The dark, acerbic comedy about two losers on a road trip to the Santa Barbara wine country has received the majority of the 2004 best picture accolades from critics’ groups, and won the Golden Globe for best comedy or musical.
Director Alexander Payne and writing partner Jim Taylor also picked up the Golden Globe for screenplay and took the Writers Guild Award for best adapted screenplay. “Sideways” also is up for five Academy Awards, including best picture and director.
Although shut out of the Oscar nominations, “Sideways” star Paul Giamatti won the Spirit Awards’ best actor honors for his role as a middle-aged wine snob. Fellow cast members and Oscar contenders in their respective categories Thomas Haden Church picked up supporting actor honors for his performance as a randy has-been actor and Virginia Madsen received supporting actress honors as a divorced waitress who takes a shine to Giamatti.
Oscar nominee Catalina Sandino Moreno won for best female lead as a young Colombian woman who becomes a drug mule in “Maria Full of Grace.” The film also picked up best first screenplay honors for director Joshua Marston.
The bittersweet romantic comedy “Garden State,” written and directed by “Scrubs” star Zach Braff, was named best first feature.
The Independent Spirit Awards, which are held under a big tent on the beach in Santa Monica, celebrated their 20th anniversary Saturday.

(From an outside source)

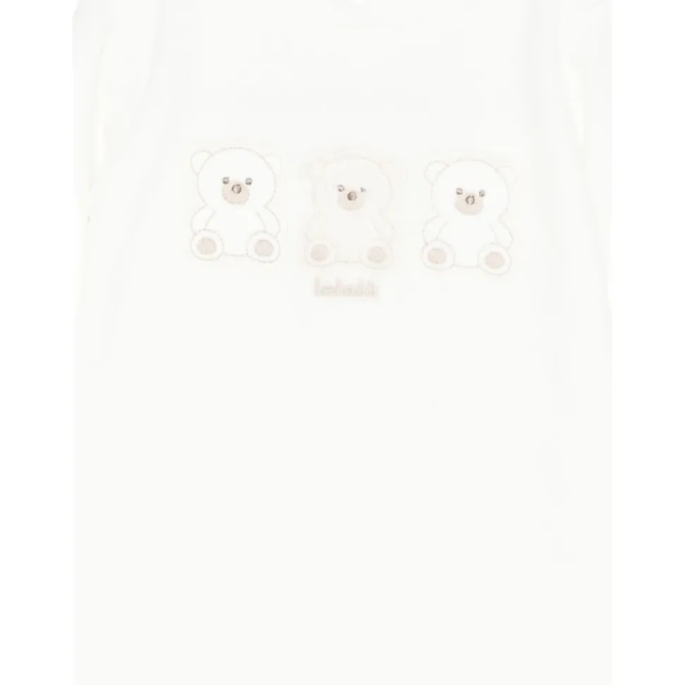 Kleed je kleine man in stijl met deze LALALU Geborduurde Romper. Met wit geborduurd detail, ronde halslijn, lange mouwen, drukknoopsluiting en voetjes. Gemaakt van 100% katoen.

The annual event put on by the Independent Feature Project may have begun as a small, grass-roots program honoring work from the then-burgeoning independent film scene, but over the last two decades it has turned into a big, hip party -- sort of a flip, irreverent cousin to the more traditional Oscars.
Stars eschew Harry Winston diamonds, Vera Wang gowns and Armani tuxes for shabby-chic casual and blue jeans, leather jackets and athletic shoes.
Despite the increasingly elevated profile of the Spirit Awards and the fact that several nominees routinely are Oscar contenders, many of the nominated films barely or never see the inside of a commercial theater.
“Cavedweller,” which was not distributed theatrically, for example, was sold to cable channel Showtime. A film recognized with the John Cassavetes Award for best feature made for under $500,000 and for its distinctive youthful ensemble cast, “Mean Creak” received limited theatrical exposure.
The two-hour Spirit Awards ceremony -- complete with clever ditties composed for each of the best feature nominees and awards presented by several of the same stars (host Samuel L. Jackson, for example, as well as Jake Gyllenhaal, Laura Linney and Robin Williams, among others) who will walk the red carpet tonight at the Academy Awards at the Kodak Theatre -- aired live on cable’s Independent Film Channel and on a taped-delay basis, complete with a one-hour red carpet special, in the evening on Bravo.
Jackson took over as emcee this year for director John Waters, who took a break after serving as the host for the last few years. Quentin Tarantino and Salma Hayek (also an Oscar presenter tonight) served as honorary co-chairs.
Others winners Saturday:
* Best debut performance: Rodrigo de la Serna, “The Motorcycle Diaries”
* Best cinematography: Eric Gautier, “The Motorcycle Diaries”
* Best foreign film: “The Sea Inside”
* Best documentary: “Metallica: Some Kind of Monster”
* Bravo/American Express Producers Award: Gina Kwon
* Turning Leaf Someone to Watch Award: Jem Cohen, director of “Chain”
* DirectTV/IFC Truer Than Fiction Award: Zana Briski and Ross Kauffman, directors of “Born Into Brothels.”